Afrodita y Eros como origen de Piscis

Una de las vertientes más conocidas y aceptadas sobre el origen de la representación de Piscis como dos peces unidos por una cuerda halla su origen en la mitología grecorromana. El origen del mito se remonta a la guerra de la segunda generación de Titanes en la que Zeus, junto a los que después serían los dioses del Olimpo, se enfrentaba a Crono. Para huir de Tifón, uno de los titanes más temidos en estos enfrentamientos, Afrodita y su hijo Eros -Venus y Cupido para los romanos- se transformaron en peces. Para no perderse en el agua se ataron con una cuerda y así atravesaron el Éufrates. En algunas versiones del mito se indica además que Atenea, para esconderlos mejor los inmortalizó en el cielo como la conocida constelación. En otras, Afrodita y Eros huían de la venganza de Poseidón por haber engendrado la diosa del amor a su hijo con un humano.

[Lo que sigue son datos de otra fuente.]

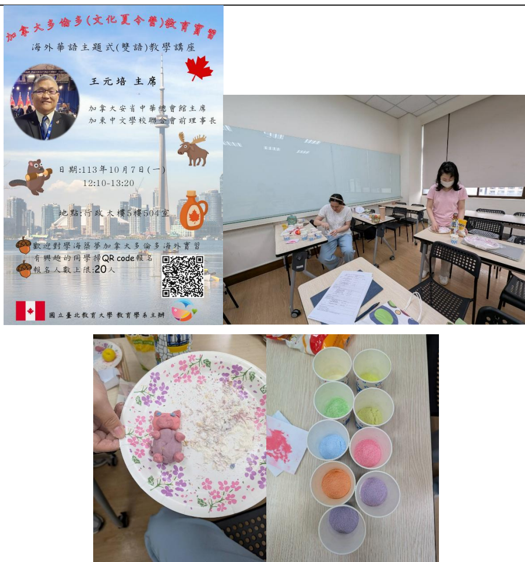
圖三: 講座海報及行前教學準備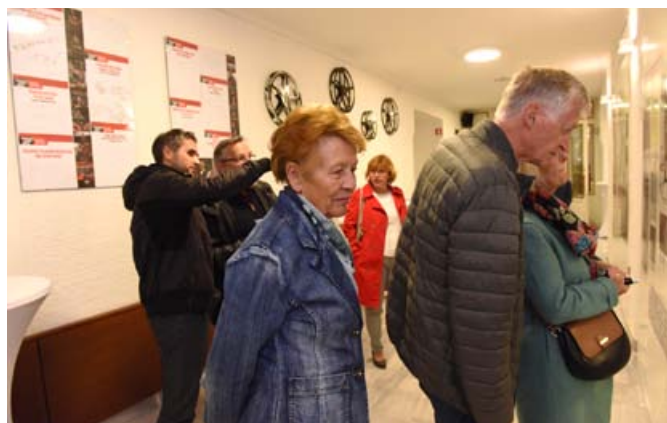
Razstavo si bo v kinu moč ogledati do konca leta, od januarja 2018 pa se seli v prostore Zgodovinskega arhiva na Ptuju.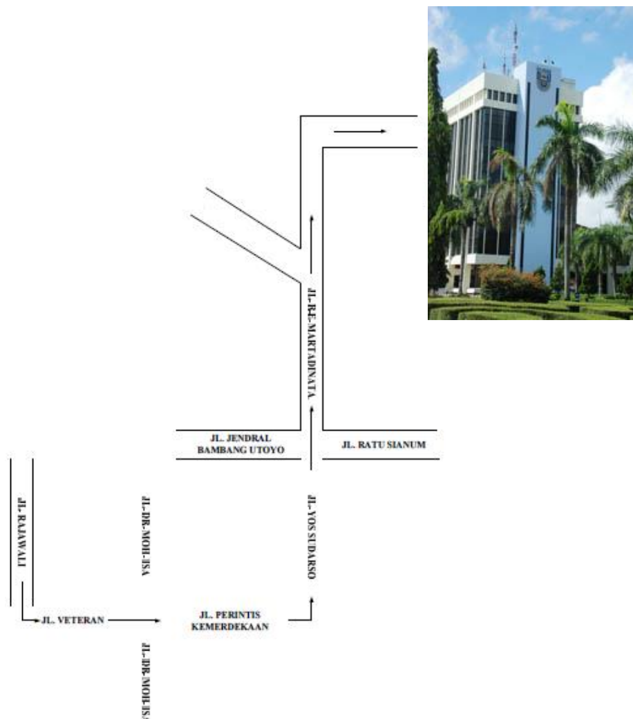
Gambar I.1 Lokasi PT Pusri Palembang

Lokasi PT Pupuk Sriwidjaja Palembang dapat dilihat pada gambar I.1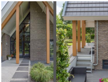
Tekst bij foto (test)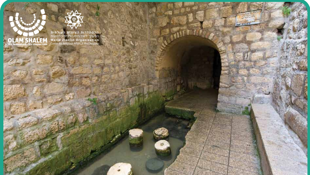
עיר דוד | Ir david La Cité de D.ieu

Afrodita, Pan y ErosAfrodita, Pan y Eros

Autores como Higinio, en cambio, atribuyen el origen del mito a un huevo que cayó desde el cielo al Éufrates y que fue llevado hasta la orilla por dos peces. Según esta leyenda, del huevo nació la diosa Venus, que colocó la constelación de Piscis en el cielo como agradecimiento.

Ambas historias encuentran paralelismos en relatos asirios y babilonios. Eratóstenes cuenta que el simbolismo de Piscis se halla en un pez que salvó a Derceto -una diosa asiria mitad pez mitad mujer- cuando cayó a una laguna. Por su parte, los babilonios identifican esta constelación como aquella a la que fueron atadas las diosas peces Anunitu y Simmah. Otras culturas relacionan a Piscis con las sirenas, criaturas con rostro de mujer y cola de pez.

Cristo y los delfines como origen de Piscis

Griegos y romanos vincularon a Piscis con la diosa del amor. Lo mismo sucede con los orígenes del cristianismo, en los que el pez se convierte en el símbolo de Cristo. De hecho, algunas pinturas esotéricas muestran a una mujer amamantando peces y se considera que la primera imagen simbólica de Cristo fue un delfín.

Mosaico de un delfín elaborado con la técnica romanaMosaico de un delfín elaborado con la técnica romana

También los delfines protagonizan otra de las versiones que trata de explicar el origen de Piscis. La leyenda relata que dos delfines llevaron a Anfítitre a la morada de Poseidón para casarse con él. Pese a su oposición inicial, la felicidad posterior hizo que ésta les rindiera tributo colocando los dos peces entre las constelaciones.

Hebreos, caldeos e incluso egipcios tampoco escapan a las diferentes teorías que dotan de misticismo a esta constelación. La reanudación de los trabajos agrícolas tras el diluvio universal y la dualidad del ser humano -cuerpo y alma- completan el abanico de reflexiones y leyendas sobre este signo zodiacal.